Exclude the images and transcribe the entries below precisely.
^^^^
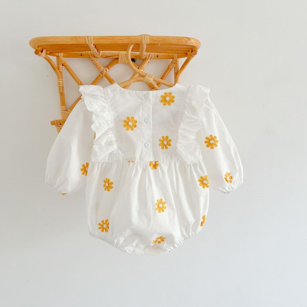 Baby Autumn Daisy Embroidered Romper Wholesale Baby Girls Clothes
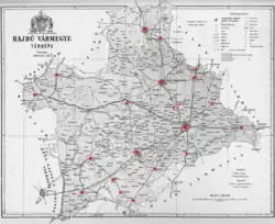 Hajdú county shared borders with the counties Heves, Borsod, Szabolcs, Bihar, Békés and Jász-Nagykun-Szolnok. The river Tisza touched its western border. The Hortobágy National Park steppe lies in the county. Its area was 3343 km² around 1910.
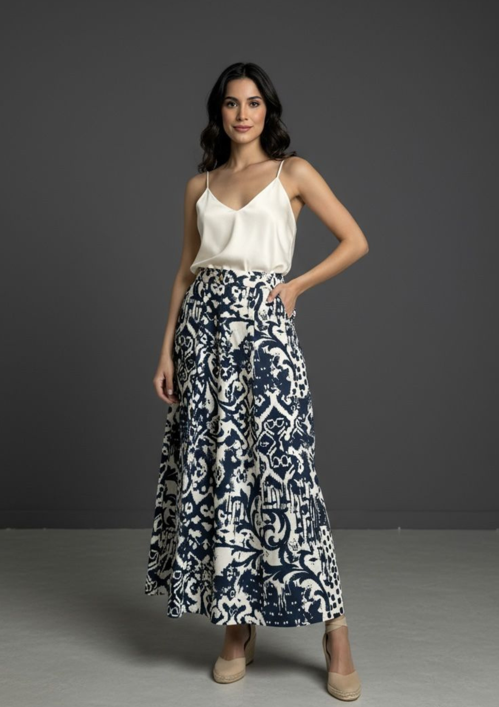 Eleva tu estilo con esta falda larga en corte A, diseñada para realzar la silueta con un movimiento fluido y elegante. Confeccionada en lino ligero, ofrece frescura y comodidad durante todo el día. Su estampado print azul aporta un toque moderno y femenino, ideal para looks versátiles.
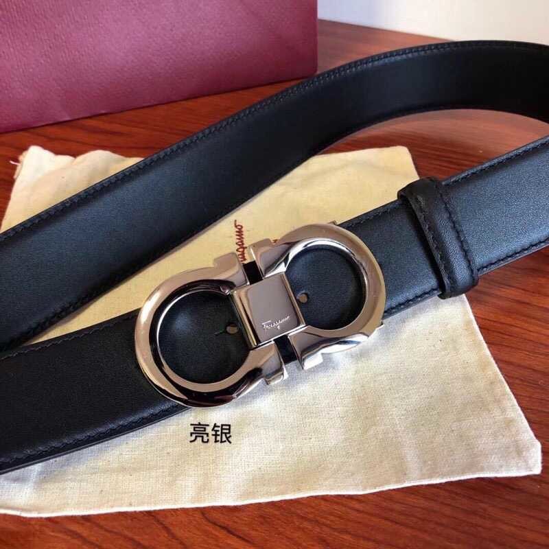 Ferragamo Men s Cowhide Reversible Available Classic Timeless Buckle Belt 3.5cm
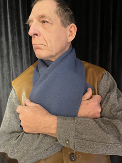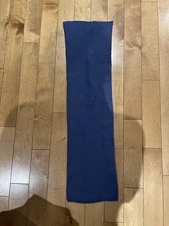 This scarf is a replica of an RAF WWII Air Ministry issued scarf. It is a relatively short tube with closed ends that was likely knit on a circular knitting machine. The end are overlocked by machine. Therefore the recreation will be a little different when hand knit. I do not own an overlocker/serger so I made a change to the ends to compensate for this. This is a very close recreation using more hand knit methods. My method is knit in the round on circular needles and the ends are closed with a blanket stitch.
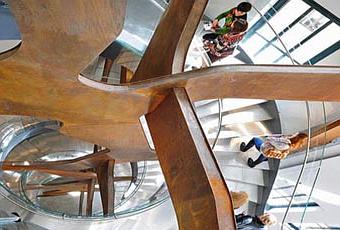 Esta nueva escalera orgánica surge de una escalara de emergencia original. Comunica las cuatro plantas del edificio en vidrio templado laminado 8+8 extra claro, apoyándose sobre una estructura de aspas de acero corten.
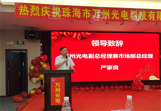 随后,珠海万州光电副总经理、市场部总经理严家良致辞。严总首先热烈欢迎集团公司领导班子和优秀干部、员工代表莅临万州光电二十周年厂庆活动,并表示万州光电全体员工将秉承万洲集团“造品牌产品、创品牌服务、做品牌企业”的经营理念,同心协力,奋勇前行,为早日实现万州光电两个重大目标贡献更多力量。
^^^^
REPLY >>
 Baby Autumn Daisy Embroidered Romper Wholesale Baby Girls Clothes
 Hajdú county shared borders with the counties Heves, Borsod, Szabolcs, Bihar, Békés and Jász-Nagykun-Szolnok. The river Tisza touched its western border. The Hortobágy National Park steppe lies in the county. Its area was 3343 km² around 1910.
 Eleva tu estilo con esta falda larga en corte A, diseñada para realzar la silueta con un movimiento fluido y elegante. Confeccionada en lino ligero, ofrece frescura y comodidad durante todo el día. Su estampado print azul aporta un toque moderno y femenino, ideal para looks versátiles.
 Ferragamo Men s Cowhide Reversible Available Classic Timeless Buckle Belt 3.5cm
 This scarf is a replica of an RAF WWII Air Ministry issued scarf. It is a relatively short tube with closed ends that was likely knit on a circular knitting machine. The end are overlocked by machine. Therefore the recreation will be a little different when hand knit. I do not own an overlocker/serger so I made a change to the ends to compensate for this. This is a very close recreation using more hand knit methods. My method is knit in the round on circular needles and the ends are closed with a blanket stitch.
 Esta nueva escalera orgánica surge de una escalara de emergencia original. Comunica las cuatro plantas del edificio en vidrio templado laminado 8+8 extra claro, apoyándose sobre una estructura de aspas de acero corten.
 随后,珠海万州光电副总经理、市场部总经理严家良致辞。严总首先热烈欢迎集团公司领导班子和优秀干部、员工代表莅临万州光电二十周年厂庆活动,并表示万州光电全体员工将秉承万洲集团“造品牌产品、创品牌服务、做品牌企业”的经营理念,同心协力,奋勇前行,为早日实现万州光电两个重大目标贡献更多力量。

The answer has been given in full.